While these are fine tradeoffs that allow ids to fit into a small space, we found that they didn’t align well with the goals I mentioned earlier. We decided to build a generator that widens the address space to 128-bits in order to accommodate millisecond-resolution unix timestamps and a larger worker id to eliminate coordination between nodes doing id generation. In doing so we’ve created our own id generation service that not only meets our original goals but also has no external dependencies, has incurred next to no operational cost, and has been running problem-free for months.

Anatomy

Boundary snowflake ids are 128-bits wide composed as follows:

flake

Notice that we reserve a full 64-bits for millisecond timestamp resolution, which means we don’t have to do any truncation or redefinition of the epoch in order to fit the timestamp into the high order bits of an id.

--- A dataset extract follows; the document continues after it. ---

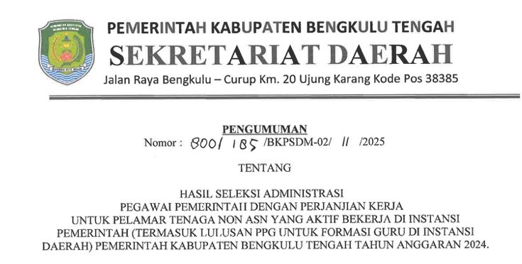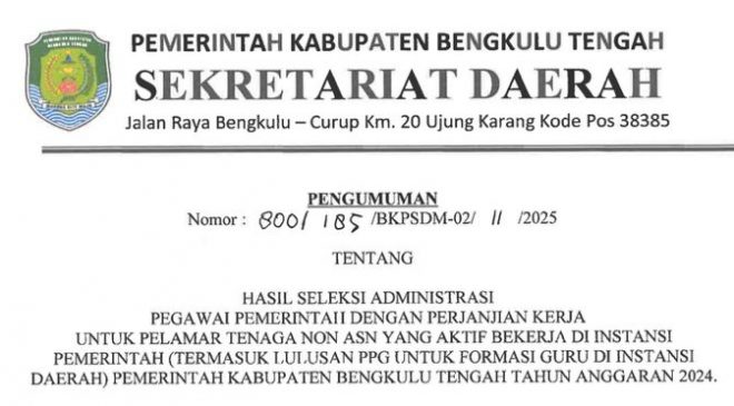 Bengkulu Tengah, Selimburcaya.com – Badan Kepegawaian dan Pengembangan Sumber Daya Manusia (BKPSDM) Kabupaten Bengkulu Tengah resmi mengumumkan hasil seleksi administrasi penerimaan Pegawai Pemerintah dengan Perjanjian Kerja (PPPK) tahap II.

The 48-bit worker id is typically the MAC address of a particular hardware interface on the machine doing the id generation. A flake server pulls its worker id from a configurable hardware interface on startup. This means that one flake server can run per network device on a node in a distributed system without risk of collision.

The remaining 16 bits hold the sequence id, which is incremented each time an id is requested in the same millisecond. This means that each server can produce 2^16 – 1 unique ids per millisecond without overflow.

Notice that the constituent parts do not favor a particular implementation or runtime. Our offering is in Erlang, but implementing in your language of choice is straightforward.

Implementation

Our flake server is built as a standalone Erlang/OTP application which will generate ids on behalf of any application capable of speaking Erlang distribution protocol. At this time all clients in our infrastructure in need of id generation speak Erlang, but our roadmap includes an HTTP interface.

Ids can be given back as raw binary or encoded in a base of your choice.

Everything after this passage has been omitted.